# Can't find a roast date on my bag from Rave ....



## RagingMammoth (Sep 21, 2013)

Just ordered another kilo of IJ and it didn't come with a roast date on it?

Edit - it was on the bottom of the bag ......( mrboots2u )


----------



## froggystyle (Oct 30, 2013)

Look underneath?


----------



## Mrboots2u (May 10, 2013)

Why not email rave and ask them .

It will no doubt have been human error is my guess

Was this direct from rave or via amazon


----------



## 4085 (Nov 23, 2012)

It is normally on the underneath, a sticker.


----------



## Gangstarrrrr (Mar 4, 2013)

Thread title is potentially quite misleading!


----------



## Mrboots2u (May 10, 2013)

Gangstarrrrr said:


> Thread title is potentially quite misleading!


Agree......

OP hope you don't mind I've changed this

If you can update as to if you find it or get answer from Rave


----------



## RagingMammoth (Sep 21, 2013)

Mrboots2u said:


> Agree......
> 
> OP hope you don't mind I've changed this
> 
> If you can update as to if you find it or get answer from Rave


Oops, apologies for being misleading. I thought it just may have been a new thing from them considering they changed their packaging and site etc.


----------



## Mrboots2u (May 10, 2013)

Have you found a date ?


----------



## froggystyle (Oct 30, 2013)

Was it underneath?


----------



## RagingMammoth (Sep 21, 2013)

Mrboots2u said:


> Have you found a date ?


It might have been on the bottom of the bag...

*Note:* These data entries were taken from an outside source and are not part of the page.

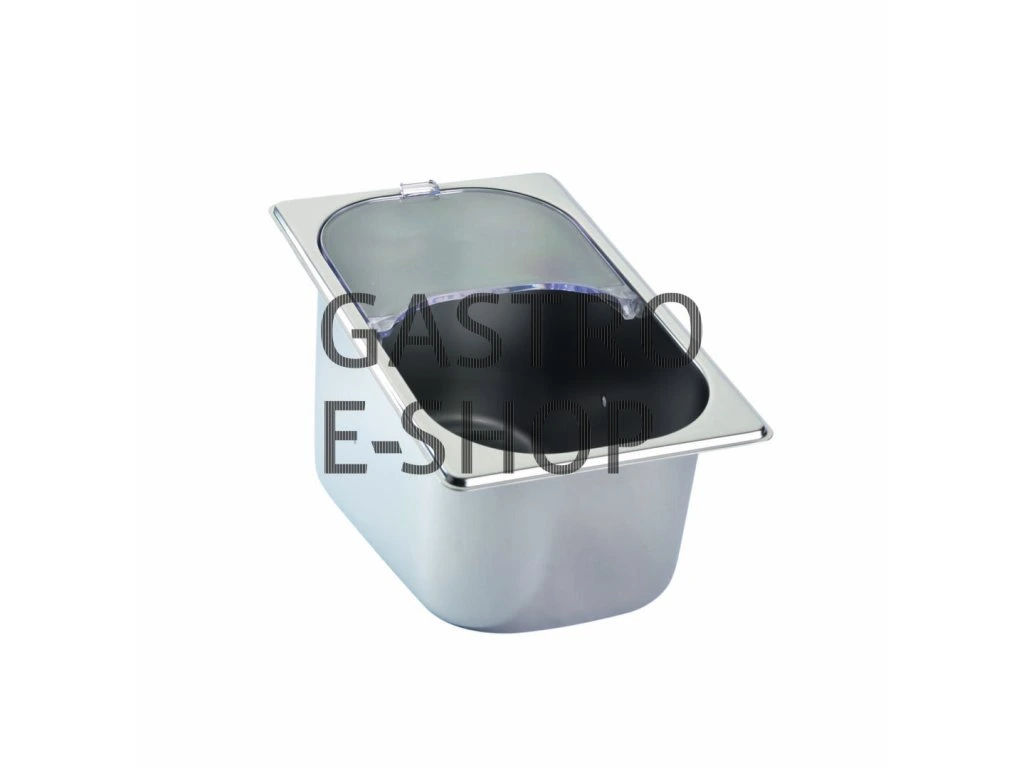 Nádoba na příbory z nerezové oceli, GN 1/4-150 s úhlovou základnou a sklopným víkem z plexiskla s poloviční klapkou pro použití ve vozících a volně stojící.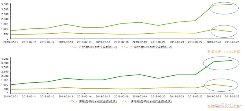 伴隨著股市上漲的,是兩地資本互通的熱度。據(jù)智通財(cái)經(jīng)APP統(tǒng)計(jì),北上資金方面,2019年2月,滬(深)股通標(biāo)的日均成交額分別為1663.55億、1997.6億;南下資金方面,滬(深)港股通日均成交額分別為556.31億、598.36億,均相較于其他月份顯著放大。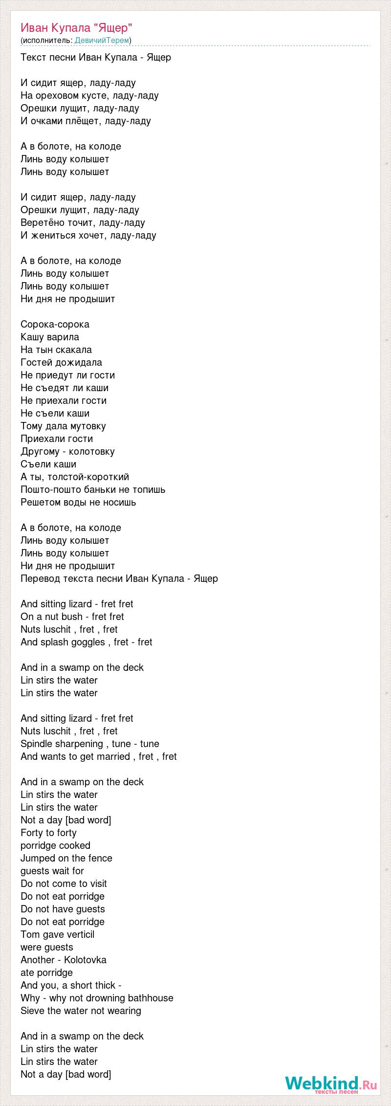 Текст песни Иван Купала - Ящер И сидит ящер, ладу-ладу На ореховом кусте, ладу-ладу Орешки лущит, ладу-ладу И очками плёщет, ладу-ладу А в болоте, на колоде Линь воду колышет Линь воду колышет И сидит ящер, ладу-ладу Орешки лущит, ладу-ладу Веретёно точит, ладу-ладу И жениться хочет, ладу-ладу А в болоте, на колоде Линь воду колышет Линь воду колышет Ни дня не продышит Сорока-сорока Кашу варила На тын скакала Гостей дожидала Не приедут ли гости Не съедят ли каши Не приехали гости Не съели каши Тому дала мутовку Приехали гости Другому - колотовку Съели каши А ты, толстой-короткий Пошто-пошто баньки не топишь Решетом воды не носишь А в болоте, на колоде Линь воду колышет Линь воду колышет Ни дня не продышит Перевод текста песни Иван Купала - Ящер And sitting lizard - fret fret On a nut bush - fret fret Nuts luschit , fret , fret And splash goggles , fret - fret And in a swamp on the deck Lin stirs the water Lin stirs the water And sitting lizard - fret fret Nuts luschit , fret , fret Spindle sharpening , tune - tune And wants to get married , fret , fret And in a swamp on the deck Lin stirs the water Lin stirs the water Not a day [bad word] Forty to forty porridge cooked Jumped on the fence guests wait for Do not come to visit Do not eat porridge Do not have guests Do not eat porridge Tom gave verticil were guests Another - Kolotovka ate porridge And you, a short thick - Why - why not drowning bathhouse Sieve the water not wearing And in a swamp on the deck Lin stirs the water Lin stirs the water Not a day [bad word]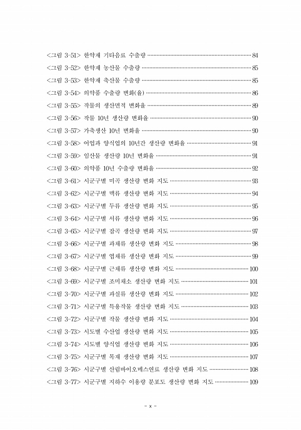 x 그림 3-51 한약재 기타음료 수출량 ···································································· 84 그림 3-52 한약재 농산물 수출량 ········································································85 그림 3-53 한약재 축산물 수출량 ········································································85 그림 3-54 의약품 수출량 변화 율 ·····································································86 그림 3-55 작물의 생산면적 변화율 ·...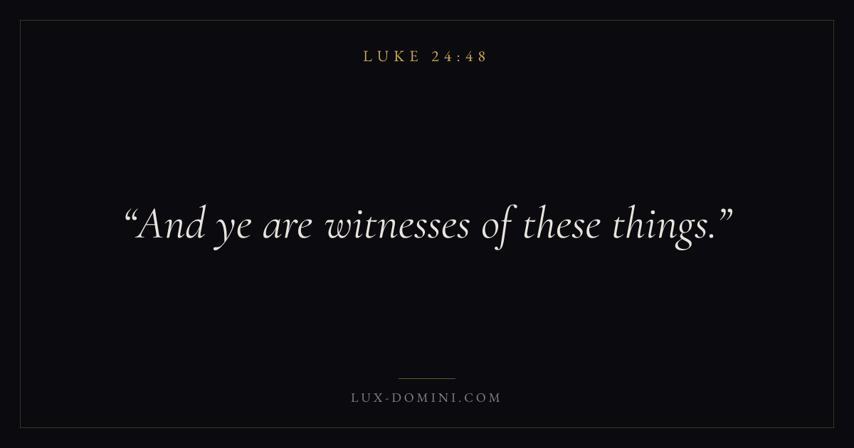 Books / Luke / Chapter 24 / Verse 48 ← Luke 24:47 Luke 24:48 Luke 24:49 → And ye are witnesses of these things. Download verse card Share on Twitter Share on Facebook Pin it ✦ Key themes PrayerJustice and mercySalvationPeaceSpirit Read with Luke 24:44Luke 24:45Matthew 6:9Luke 18:1 Related topics Bible verses about prayerBible verses about justice and mercyBible verses about salvationBible verses about peace ✦ Luke Chapter 24 verses V. 1 V. 2 V. 3 V. 4 V. 5 V. 6 V. 7 V. 8 V. 9 V. 10 V. 11 V. 12 V. 13 V. 14 V. 15 V. 16 V. 17 V. 18 V. 19 V. 20 V. 21 V. 22 V. 23 V. 24 V. 25 V. 26 V. 27 V. 28 V. 29 V. 30 V. 31 V. 32 V. 33 V. 34 V. 35 V. 36 V. 37 V. 38 V. 39 V. 40 V. 41 V. 42 V. 43 V. 44 V. 45 V. 46 V. 47 V. 48 V. 49 V. 50 V. 51 V. 52 V. 53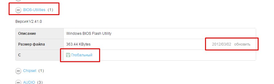 Открываем вкладку bios и качаем последнюю версию.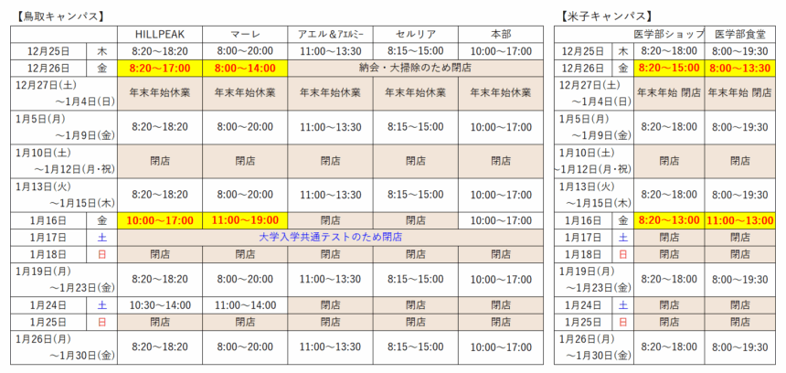 いつもご利用ありがとうございます。鳥取大学生協です。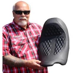 The edges of all baseplates have a steel reinforced, impact absorbing vinyl edge trim to protect the seat cover. Polyurethane bumpers are strategically located and riveted to the baseplate to prevent it from touching the frame and fender and to minimize vibration. Mustang’s unique internal support wings are added to the baseplate to provide maximum driver and passenger comfort. These wings support the entire width of the molded foam. This feature is found on most Mustang touring seats. Bumpers will not crack with age and are ozone protected. Solos with built-in driver backrests have the receiver welded and reinforced to the baseplate for strength. Foam surrounds the hardware to provide maximum comfort.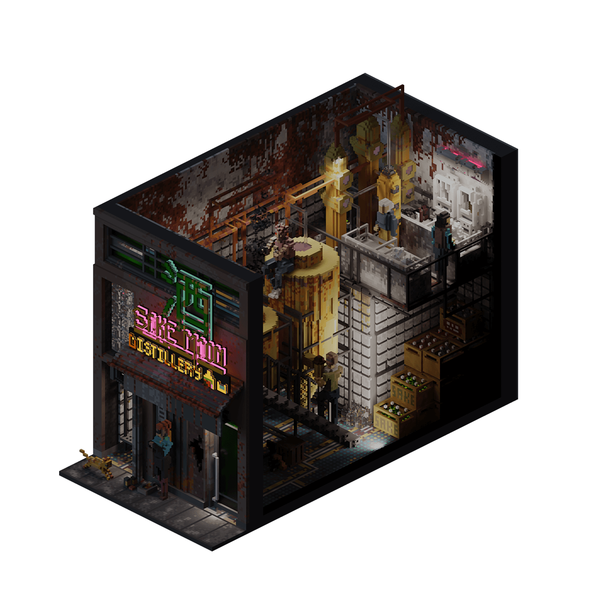 Sake Moon is the oldest and most famous distillery in the City, which has been brewing and providing sake to citizens for years, and its origins date back to old NeoTokyo.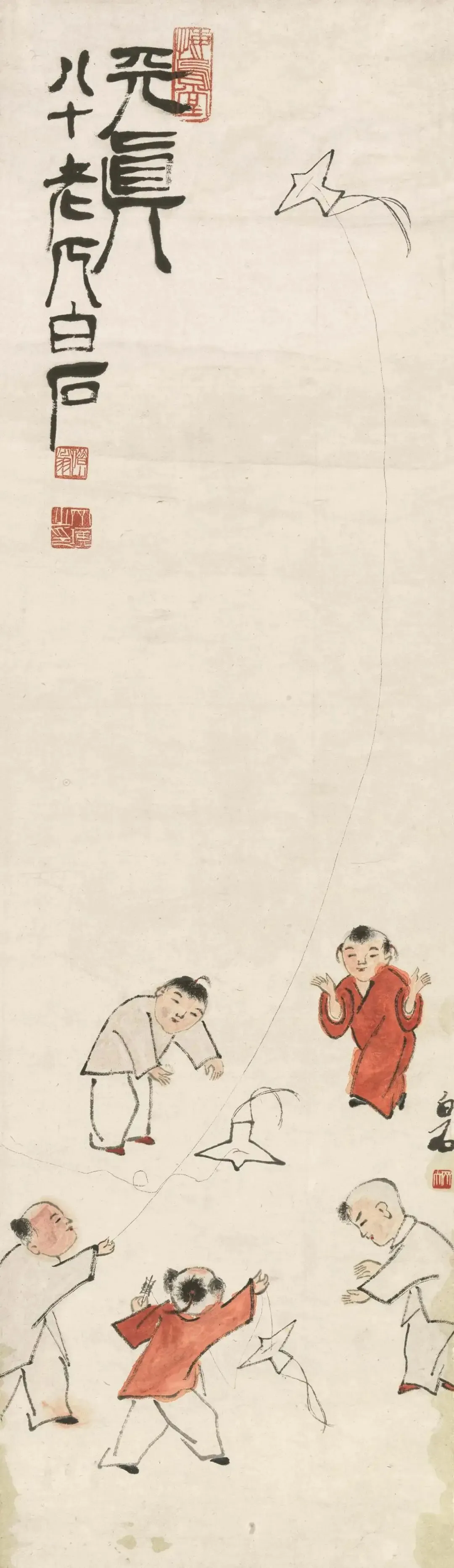 齐白石 《五童纸鸢》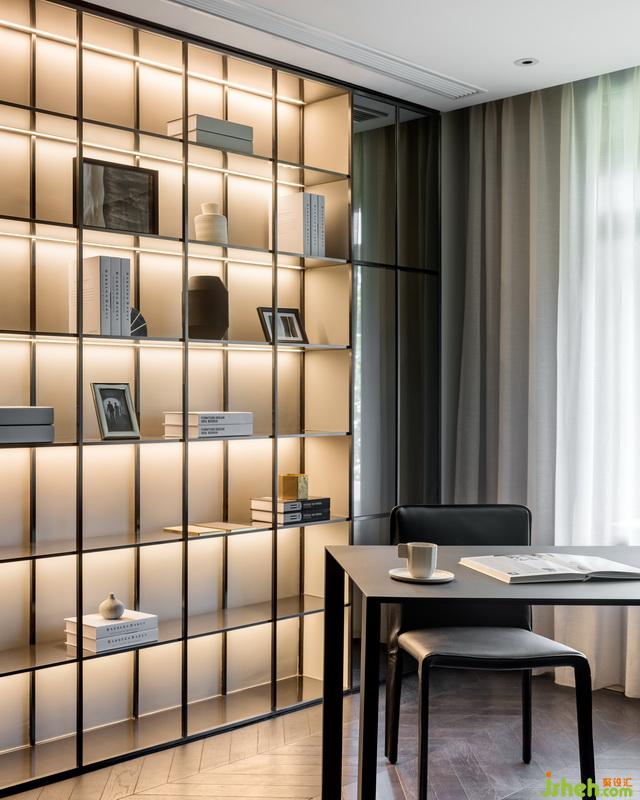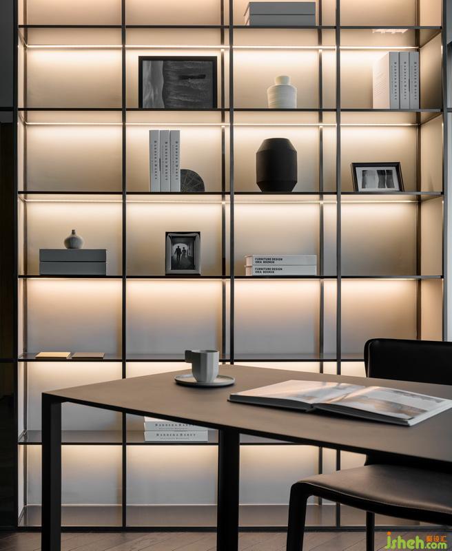 移除書房原結(jié)構(gòu)中非承重墻作為暗門門洞,開(kāi)放與私密并存。嵌入墻壁定制格架,最大化利用面寬有限的書房空間,輔以內(nèi)置燈帶,氤氳出現(xiàn)代美學(xué)氣息,滿足陸導(dǎo)閱讀或創(chuàng)作訴求。格架對(duì)面非承重墻延續(xù)同樣的改造手法,設(shè)置隱藏式折疊床,可供親友短居,實(shí)現(xiàn)空間靈動(dòng)轉(zhuǎn)換。

They always used to put it on the back from memory, they must put it on the bottom now!


----------



## froggystyle (Oct 30, 2013)

Facepalm!!


----------



## jeebsy (May 5, 2013)

Mrboots2u said:


> Have you found a date ?


Are you asking?


----------



## m4lcs67 (Mar 16, 2014)

Similar thing happened to me a few weeks ago with some rave Signature and they had forgotten to put the the roast date sticker on, so a quick message to them and they checked my order and managed to get the roast date from that. Simples.


----------